Migros-Genossenschafts-Bund (Migros) is Switzerland’s largest retailer and supermarket chain. Structured in the form of a cooperative society, Migros’ customer loyalty program has over two million participating households, covering almost half of Switzerland’s population. Migros’ subsidiaries cover a wide range of markets, including supermarkets, convenience stores, a health care provider, travel agency, bank, ecommerce business and many others. More than 90 percent of goods sold in Migros stores are produced by its subsidiaries.
As the largest employer in Switzerland and the operator of Switzerland’s largest customer loyalty program, Migros understands the importance of privacy to their business.
“Privacy is a very important element to us,” said Matthias Glatthaar, Head Data Privacy and Digital at Migros. “Although we have a diverse group of brands, our loyalty program is at our core, and ensuring that we protect our customer’s personal data is vital for the success of that program.”

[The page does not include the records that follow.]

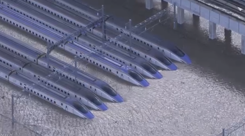 JR东日本称,台风“海贝思”引发的暴雨导致千曲川洪水泛滥,位于长野市赤沼的车辆中心有新干线车辆被水淹。 另据日本共同通讯社报道,“海贝思”登陆日本后,日本气象厅已向东京、群马、埼玉、神奈川、山梨、長野、静冈等地发出了大雨特别警报。警报级别相当于大雨和洪水警戒级别中最高的5级。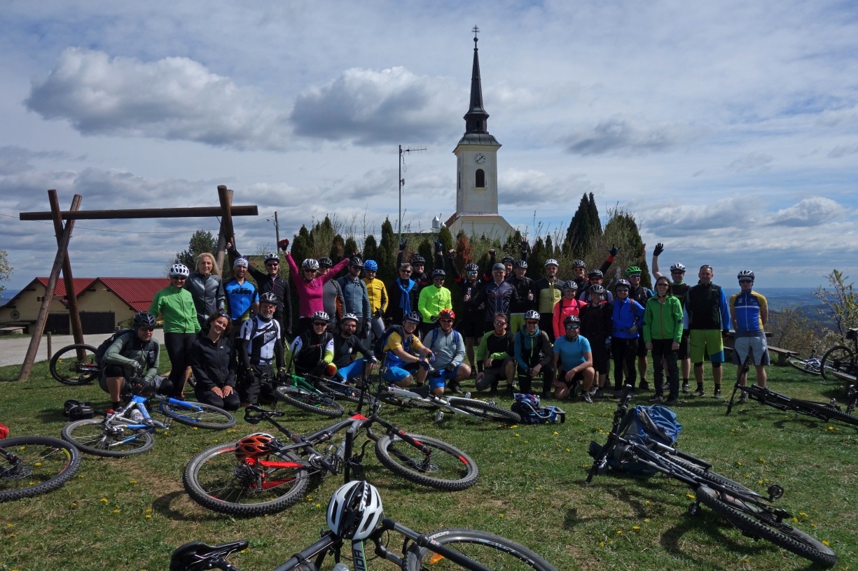Številčna turnokolesarska zasedba iz vse Slovenije pri cerkvici sv. Urbana, na najvišji točki ture (foto Simon Berlec)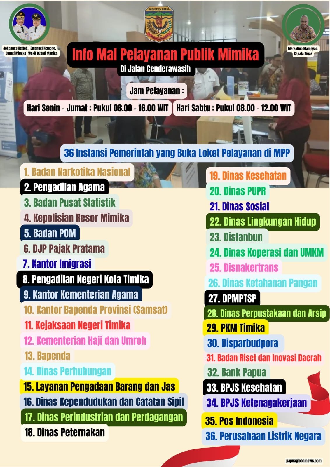 Timika,papuaglobalnews.com – Pemerintah Kabupaten Mimika melalui Mal Pelayanan Publik (MPP) Dinas Penanaman Modal dan Pelayanan Terpadu Satu Pintu Kabupaten Mimika (DPMPTSP) mencatat telah menerbitkan sebanyak 514 perizinan usaha dan non-perizinan selama periode Januari hingga Februari 2026.

As a company that has been around for over 95 years, one of the biggest challenges Migros faced with their GDPR implementation was discovering the many ways in which they process data, and finding a way to centralize their approach to privacy.
“We are a legacy company, so we’ve been around for a long time and we have a lot of fractured and decentralized processes,” said Glatthaar. “With our incredibly diverse group of brands we had to decide how we can feasibly approach our GDPR implementation from a group perspective.”
As the largest and most well-known customer loyalty program in Switzerland, three out of every five transactions are done through the program at Migros’ stores. Migros processes their customer’s data and generates it through their loyalty card, allowing them to use that data for personalized coupons and ads. With the core of their data processing activities done through their customer loyalty program, Migros needed a solution to allow them to responsibly use the data of it’s over 2.8 million members, while still remaining compliant with the GDPR and other regulations.